- _Required action_: Output must consist only of the lines of the material below from the one with "Anzeigeblatt für die" through the one with "1・2年生の学習支援に、月に", each reproduced exactly; no pictures belong in it.

- _Extracted entries_:
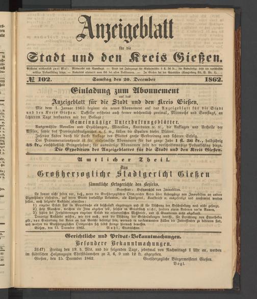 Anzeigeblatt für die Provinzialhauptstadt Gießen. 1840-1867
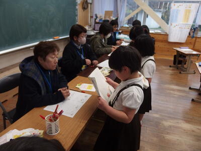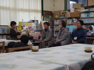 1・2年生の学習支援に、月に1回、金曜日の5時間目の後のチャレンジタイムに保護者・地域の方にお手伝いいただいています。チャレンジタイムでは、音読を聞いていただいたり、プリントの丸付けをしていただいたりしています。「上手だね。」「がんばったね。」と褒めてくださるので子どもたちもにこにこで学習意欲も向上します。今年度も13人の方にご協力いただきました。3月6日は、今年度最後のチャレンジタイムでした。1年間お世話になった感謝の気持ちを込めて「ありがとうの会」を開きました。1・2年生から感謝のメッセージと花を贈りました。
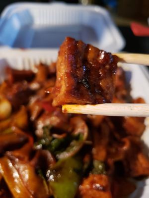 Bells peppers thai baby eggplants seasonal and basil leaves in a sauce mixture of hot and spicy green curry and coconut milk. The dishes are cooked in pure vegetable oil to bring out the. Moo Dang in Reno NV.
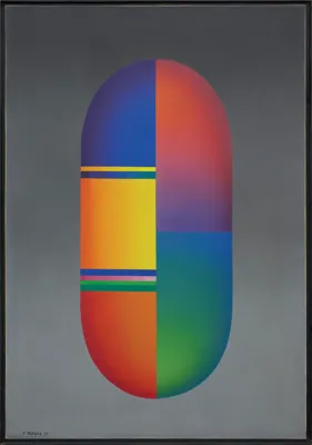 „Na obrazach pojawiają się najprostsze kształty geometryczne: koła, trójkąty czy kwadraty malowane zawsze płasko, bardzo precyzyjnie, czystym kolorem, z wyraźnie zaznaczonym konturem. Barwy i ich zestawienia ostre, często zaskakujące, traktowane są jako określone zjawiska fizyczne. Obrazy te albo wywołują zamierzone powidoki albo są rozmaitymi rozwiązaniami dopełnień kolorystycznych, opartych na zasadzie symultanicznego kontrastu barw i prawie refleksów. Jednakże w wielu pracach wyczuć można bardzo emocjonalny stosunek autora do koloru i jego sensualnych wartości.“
* * *
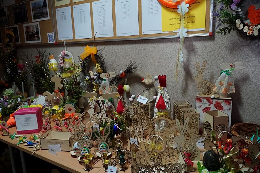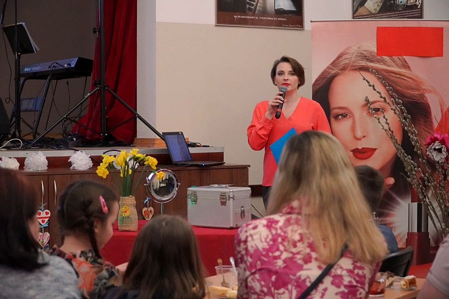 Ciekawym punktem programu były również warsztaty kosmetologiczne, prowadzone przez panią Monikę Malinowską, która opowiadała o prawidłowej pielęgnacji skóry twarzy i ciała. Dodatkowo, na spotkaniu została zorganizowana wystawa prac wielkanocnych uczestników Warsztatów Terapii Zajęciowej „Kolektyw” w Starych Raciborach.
---
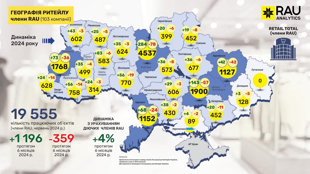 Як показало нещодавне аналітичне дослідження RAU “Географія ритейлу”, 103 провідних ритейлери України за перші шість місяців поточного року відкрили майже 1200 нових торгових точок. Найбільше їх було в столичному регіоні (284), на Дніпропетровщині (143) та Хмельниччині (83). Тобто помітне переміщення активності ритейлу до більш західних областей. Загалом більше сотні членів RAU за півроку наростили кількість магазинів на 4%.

- _Task answer_:
 Anzeigeblatt für die Provinzialhauptstadt Gießen. 1840-1867
 1・2年生の学習支援に、月に1回、金曜日の5時間目の後のチャレンジタイムに保護者・地域の方にお手伝いいただいています。チャレンジタイムでは、音読を聞いていただいたり、プリントの丸付けをしていただいたりしています。「上手だね。」「がんばったね。」と褒めてくださるので子どもたちもにこにこで学習意欲も向上します。今年度も13人の方にご協力いただきました。3月6日は、今年度最後のチャレンジタイムでした。1年間お世話になった感謝の気持ちを込めて「ありがとうの会」を開きました。1・2年生から感謝のメッセージと花を贈りました。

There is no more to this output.